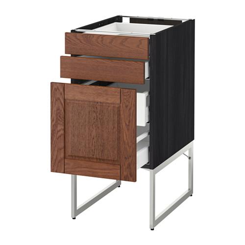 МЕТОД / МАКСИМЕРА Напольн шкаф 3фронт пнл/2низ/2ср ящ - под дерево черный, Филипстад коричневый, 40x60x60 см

...

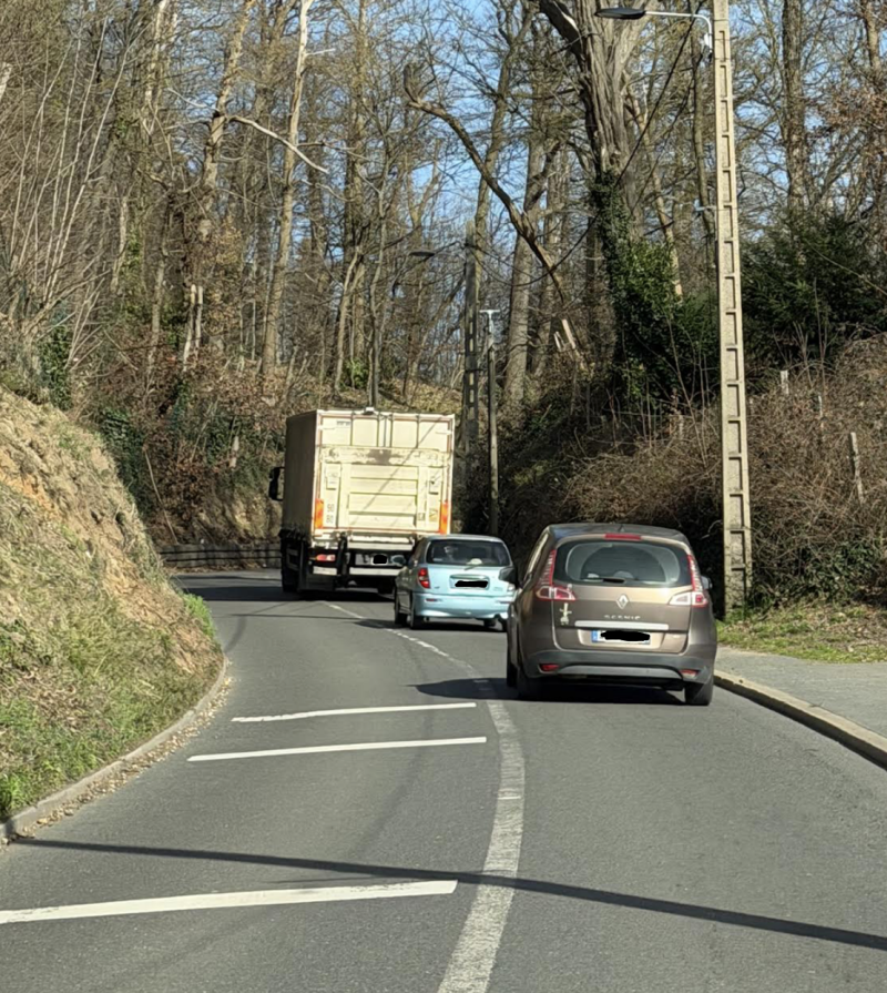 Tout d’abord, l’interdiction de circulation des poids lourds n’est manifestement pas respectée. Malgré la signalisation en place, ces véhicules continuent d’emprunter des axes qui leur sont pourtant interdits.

--

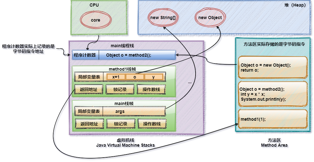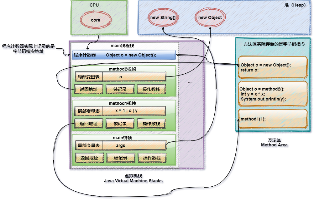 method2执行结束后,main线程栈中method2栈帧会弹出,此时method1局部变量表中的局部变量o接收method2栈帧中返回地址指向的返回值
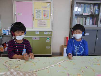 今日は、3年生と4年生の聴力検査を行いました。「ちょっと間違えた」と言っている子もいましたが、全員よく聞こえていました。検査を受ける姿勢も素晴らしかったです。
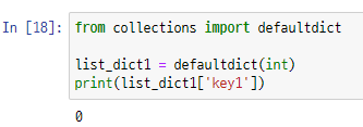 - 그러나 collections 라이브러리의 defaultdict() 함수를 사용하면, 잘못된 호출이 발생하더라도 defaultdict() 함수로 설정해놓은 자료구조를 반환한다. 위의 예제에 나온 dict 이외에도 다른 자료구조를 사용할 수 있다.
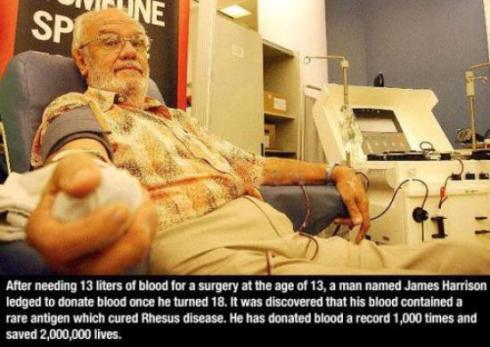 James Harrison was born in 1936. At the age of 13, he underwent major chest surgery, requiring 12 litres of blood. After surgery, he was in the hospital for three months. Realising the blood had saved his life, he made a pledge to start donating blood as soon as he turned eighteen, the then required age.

▶ **Exercise goal**
Copy exactly the lines of the entries above from the one containing "今日は、3年生と4年生の聴力" through the one containing "James Harrison was". Both end lines count; pictures do not.

▶ **Expected answer**
 今日は、3年生と4年生の聴力検査を行いました。「ちょっと間違えた」と言っている子もいましたが、全員よく聞こえていました。検査を受ける姿勢も素晴らしかったです。
 - 그러나 collections 라이브러리의 defaultdict() 함수를 사용하면, 잘못된 호출이 발생하더라도 defaultdict() 함수로 설정해놓은 자료구조를 반환한다. 위의 예제에 나온 dict 이외에도 다른 자료구조를 사용할 수 있다.
 James Harrison was born in 1936. At the age of 13, he underwent major chest surgery, requiring 12 litres of blood. After surgery, he was in the hospital for three months. Realising the blood had saved his life, he made a pledge to start donating blood as soon as he turned eighteen, the then required age.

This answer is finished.